Hepatitis C affects 3.2 million Americans; untreated, it leads to scarring of the liver and to liver cancer. Until now, the best treatments cured only about half of patients and often had debilitating side effects. But in December the F.D.A. approved the first in a new wave of hep-C drugs, Gilead’s Sovaldi. This is huge news—not just in medicine but on Wall Street. Vamil Divan, a drug-industry analyst at Credit Suisse, told me, “Sovaldi and the other new hep-C drugs are great drugs for a tough disease.” Sovaldi can cure ninety per cent of patients in three to six months, with only minor side effects. There’s just one catch: a single dose of the drug costs a thousand dollars, which means that a full, twelve-week course of treatment comes to more than eighty grand.
For Gilead this is great. Take an expensive treatment, multiply by a huge number of hepatitis-C patients, and you get a very lucrative business proposition. It’s also good news for patients. But it’s a big problem for insurers and taxpayers, who—given that hepatitis-C patients have an average annual income of just twenty-three thousand dollars—are going to end up footing much of the bill. There has been an uproar of criticism. Private insurers blasted Gilead’s pricing strategy; the pharmacy-benefit manager Express Scripts said that it wanted its clients to stop using Sovaldi once an alternative appears. Then, on March 20th, three Democratic members of Congress sent Gilead a letter asking it to explain why Sovaldi costs so much. The letter had no force of law, but it spooked investors by raising the spectre of what they most fear—price regulation.

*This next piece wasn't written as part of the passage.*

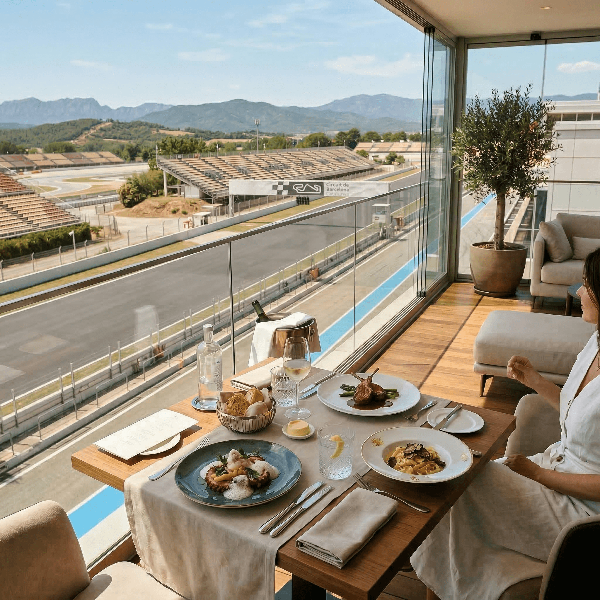 F1 practice session 2 and Rooftop Lounge hospitality.

Investors love drug companies in part because they often have tremendous pricing power. Drugs designed to fight rare diseases routinely cost two or three hundred thousand dollars; cancer drugs often cost a hundred grand. And, whereas product prices in most industries drop over time, pharmaceuticals actually get more expensive. The price of the anti-leukemia drug Gleevec, for instance, has tripled since 2001. And, across the board, drug prices rise much faster than inflation. The reason for this is that prices for brand-name, patented drugs aren’t really set in a free market. The people taking the drugs aren’t paying most of the cost, which makes them less price-sensitive, and the bargaining power of those who do foot the bill is limited. Insurers have to cover drugs that work well; the economists Darius Lakdawalla and Wesley Yin recently found that even big insurers had “virtually zero” ability to drive a hard bargain when it comes to drugs with no real equivalents. And the biggest buyer in the drug market—the federal government—is prohibited from bargaining for lower prices for Medicare, and from refusing to pay for drugs on the basis of cost. In short, if you invent a drug that doctors think is necessary, you have enormous leeway to charge what you will.